THE TASK:
After locating the line that holds "- In the Registry", repeat it and each following line exactly until the material ends, skipping pictures.

PROVIDED MATERIAL Block Start

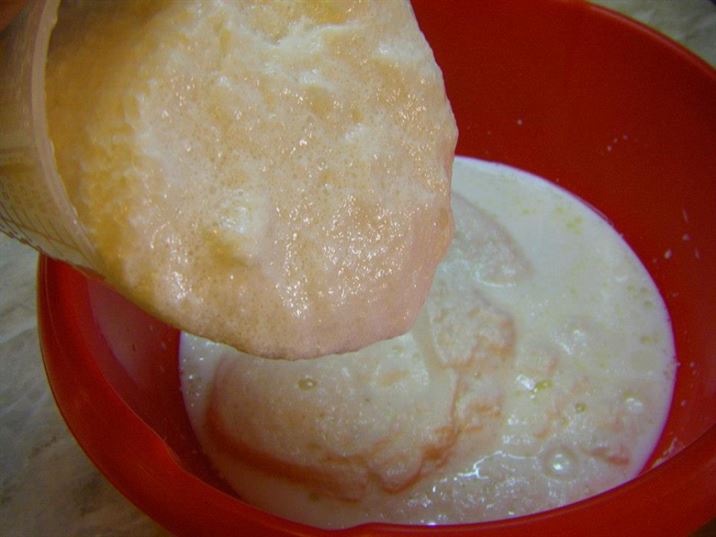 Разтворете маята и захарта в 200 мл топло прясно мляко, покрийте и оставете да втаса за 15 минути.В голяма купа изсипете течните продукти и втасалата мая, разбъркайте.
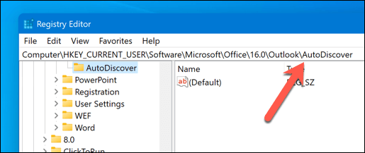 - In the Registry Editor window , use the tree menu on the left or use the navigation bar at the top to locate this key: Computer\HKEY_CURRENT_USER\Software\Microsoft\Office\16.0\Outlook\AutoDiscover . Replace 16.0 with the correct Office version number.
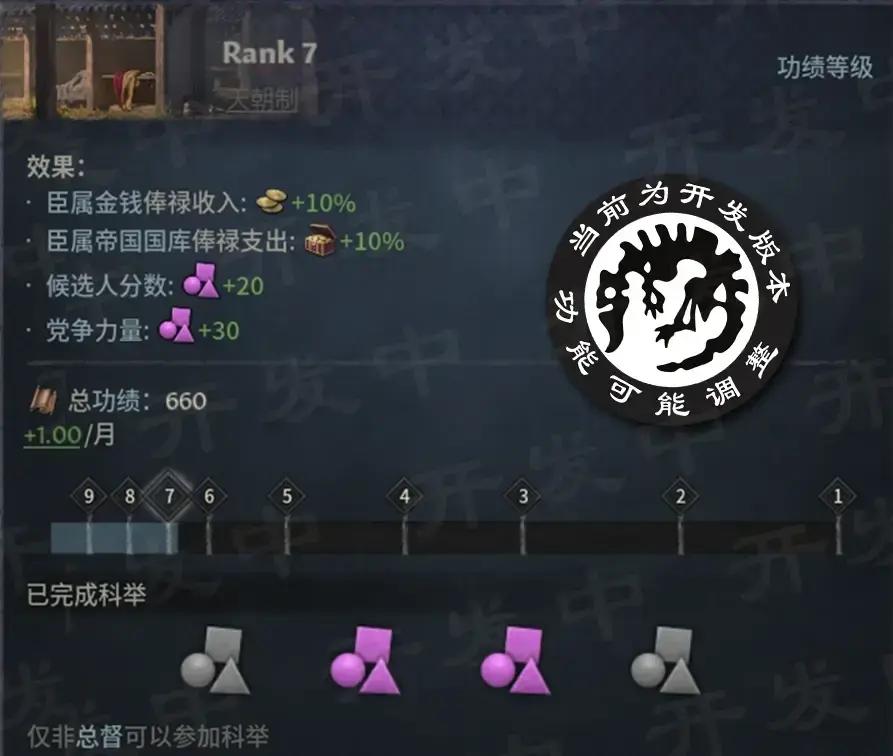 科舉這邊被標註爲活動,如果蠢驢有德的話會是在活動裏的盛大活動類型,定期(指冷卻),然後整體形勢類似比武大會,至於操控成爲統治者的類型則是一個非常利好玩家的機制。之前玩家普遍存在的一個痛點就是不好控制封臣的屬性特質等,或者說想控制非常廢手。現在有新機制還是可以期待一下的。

PROVIDED MATERIAL Block End

ANSWER FOR THIS EXERCISE:
 - In the Registry Editor window , use the tree menu on the left or use the navigation bar at the top to locate this key: Computer\HKEY_CURRENT_USER\Software\Microsoft\Office\16.0\Outlook\AutoDiscover . Replace 16.0 with the correct Office version number.
 科舉這邊被標註爲活動,如果蠢驢有德的話會是在活動裏的盛大活動類型,定期(指冷卻),然後整體形勢類似比武大會,至於操控成爲統治者的類型則是一個非常利好玩家的機制。之前玩家普遍存在的一個痛點就是不好控制封臣的屬性特質等,或者說想控制非常廢手。現在有新機制還是可以期待一下的。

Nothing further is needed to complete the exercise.